Introduction
Dynamic N-dimensional array
- Different permutations depending on the device
Static N-dimensional array
Sliced dynamic N-dimensional array
Distributed N-dimensional array

Introduction

Many algorithms in scientific computing work with coefficients indexed by three, four or even more indices and multidimensional arrays are a natural data structure for representing such values in the computer memory. Since the C++ language supports only one-dimensional arrays natively, multidimensional arrays have to be implemented explicitly (e.g., in a library) based on a mapping of multidimensional data to an internal one-dimensional array.

An interesting problem is how to choose the mapping from the multidimensional index space into the one-dimensional index space. Even for two-dimensional arrays (i.e., matrices) it can be argued whether they should be stored in the row-major format, where rows are stored as 1D arrays, or in the column-major format, where columns are stored as 1D arrays. The optimal choice depends on the operations that we want to do with the data, as well as on the hardware architecture that will process the data. For example, the row-major format is suitable for algorithms processing a matrix row by row on the CPU, while for GPU algorithms also processing a matrix row by row the column-major format is more appropriate. For three- and more-dimensional arrays there are even more combinations of possible array orderings.

For these reasons, we developed several data structures which allow to configure the indexing of multidimensional data and thus optimize the data structure for given algorithm and hardware architecture. This chapter walks through the options available in TNL.

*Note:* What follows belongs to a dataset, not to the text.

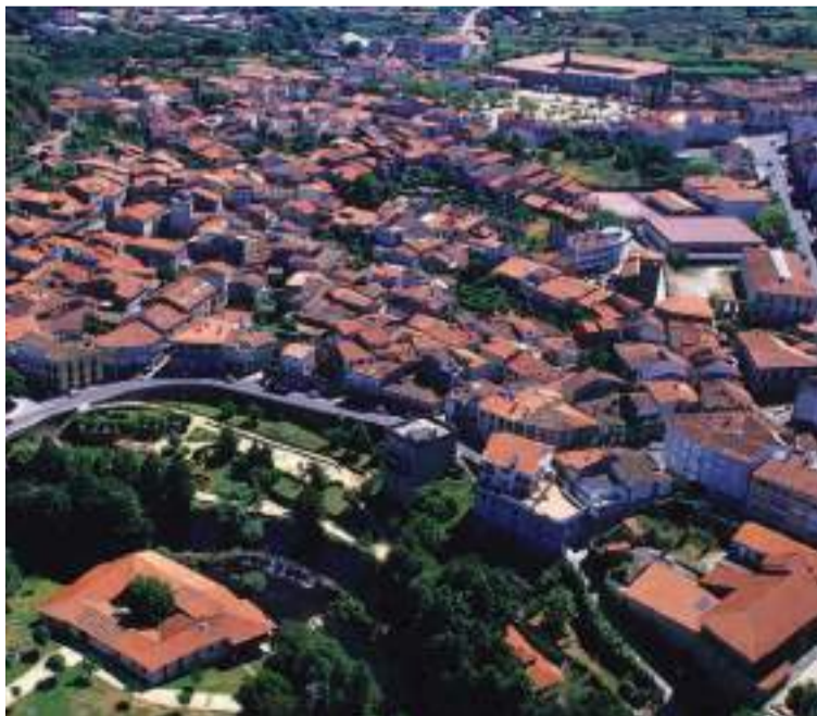
Villa de Allariz.

Dynamic N-dimensional array

Dynamic N-dimensional arrays are objects of the TNL::Containers::NDArray class. It has several template parameters, four of them are the most important:

Value specifies the type of values stored in the array
SizesHolder specifies the dimension and static sizes of the array
Permutation specifies the layout of the array in memory
Device specifies the device that will be used for running operations on the array

The sizes of the array are specified using TNL::Containers::SizesHolder as follows. The first template parameter specifies the IndexType used for indexing (which will be used even by NDArray) and the following sequence of integers specifies the static sizes of the array along the individual axes. For a dynamic array, there must be at least one axis with zero static size.

For example, here we specify all axes as dynamic:

using My2DSizes = TNL::Containers::SizesHolder< int, 0, 0 >,

using My3DSizes = TNL::Containers::SizesHolder< int, 0, 0, 0 >,

TNL::Containers::SizesHolder

Holds static and dynamic sizes of an N-dimensional array.

Definition SizesHolder.h:30

The layout of the array in memory can be configured using a permutation specified using std::index_sequence. By default, the NDArray class uses an identity permutation. Users can use this, for example, to switch between row-major (std::index_sequence<0, 1>) and column-major (std::index_sequence<1, 0>) layout of a 2D array, or to specify an arbitrary layout for a higher-dimensional array.

When all template parameters are known, the NDArray can be instantiated:

   using RowMajorArray = NDArray< int,                          // Value
                                  SizesHolder< int, 0, 0 >,     // SizesHolder
                                  std::index_sequence< 0, 1 >,  // Permutation
                                  TNL::Devices::Host >;         // Device
   RowMajorArray a;

Then, the dynamic sizes can be set by calling setSizes. Here we set the sizes to create a \( 3 \times 4 \) array, where the first size corresponds to the 0-axis and the second size to the 1-axis:

a.setSizes( 3, 4 );

Elements of the array can be accessed using the operator():

int value = 0;

for( int i = 0; i < 3; i++ )

for( int j = 0; j < 4; j++ )

a( i, j ) = value++;

Note that regardless of the permutation, the order of indices in the operator() logically corresponds to the order of sizes in the setSizes call (and in the SizesHolder<...> specification). This allows the programmer to change the layout of the array simply by setting a different permutation in the template parameters without having to rewrite the order of indices everywhere the array is used.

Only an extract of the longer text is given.